Wield didn’t reply. In his experience there were two people who always found out, and one of them was Ellie Pascoe.
The other was still lying in a coma.
‘So what’s Sinister Sandy up to?’ said Pascoe.
‘Oh, this and that,’ said Wield vaguely.
Pascoe looked at him suspiciously.
‘Start with this, then move on to that,’ he ordered.
‘Well, she plays her anti-terrorist stuff pretty close, that’s understandable,’ said Wield. ‘But with us being a bit short-handed at the top, it’s been a real help her being an old mucker of Desperate Dan’s.
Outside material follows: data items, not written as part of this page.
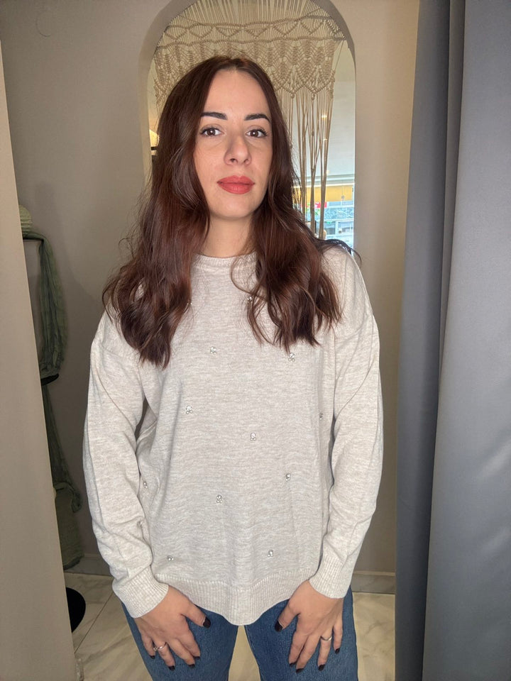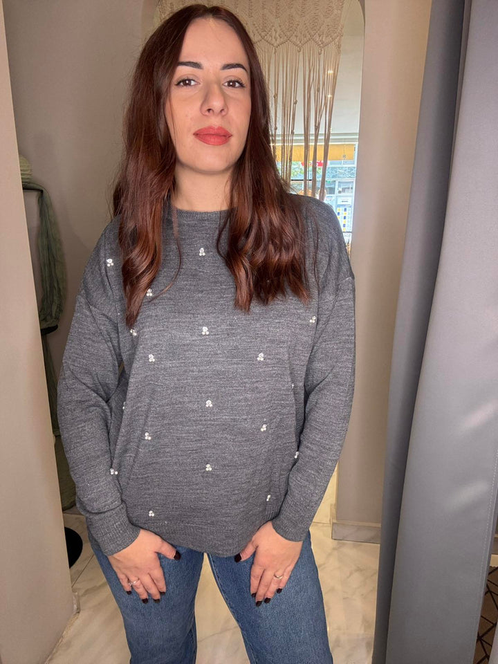 Λεπτομέρειες (Κυρίαρχο Στοιχείο): Το πουλόβερ διαθέτει μικρές διακοσμητικές πέρλες ή στρας (pearls/studs) διάσπαρτα σε όλο το μπροστινό μέρος του κορμού, και ενδεχομένως και στα μανίκια (αν και δεν φαίνεται ξεκάθαρα). Η διακόσμηση είναι διακριτική και ομοιόμορφα κατανεμημένη.
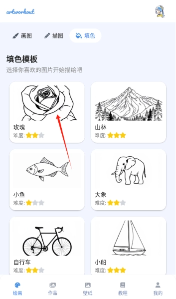 2、界面最上方设有画图、描图、填色三个选项,我们先点击选择填色功能,接着在下方展示的填色模板里挑选一张自己感兴趣的图片。
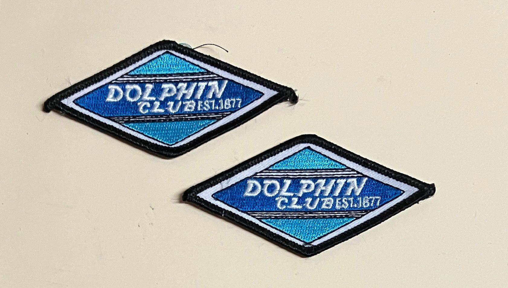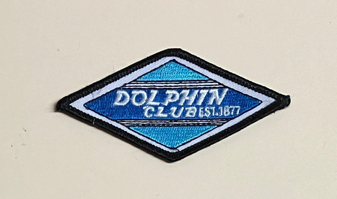 Center bar is dolphin blue with words in white stitching: Dolphin - Club Est 1877

She keeps well back from the hands-on stuff, of course—says it’s our patch, so it should be our call—but when it comes to structuring organization and paperwork, she’s really got on top of things. Now it’s not just Andy who knows what’s going off, it’s the lot of us.’
Pascoe’s suspicions were thickening by the second. Praise from Wield on matters of organization was praise indeed. Well, he was entitled to call it like he saw it. But that crack about Dalziel came close to high treason.
He said, ‘You sound like you’re a convert, Wieldy. Hey, you didn’t tell her I rang this morning, did you?’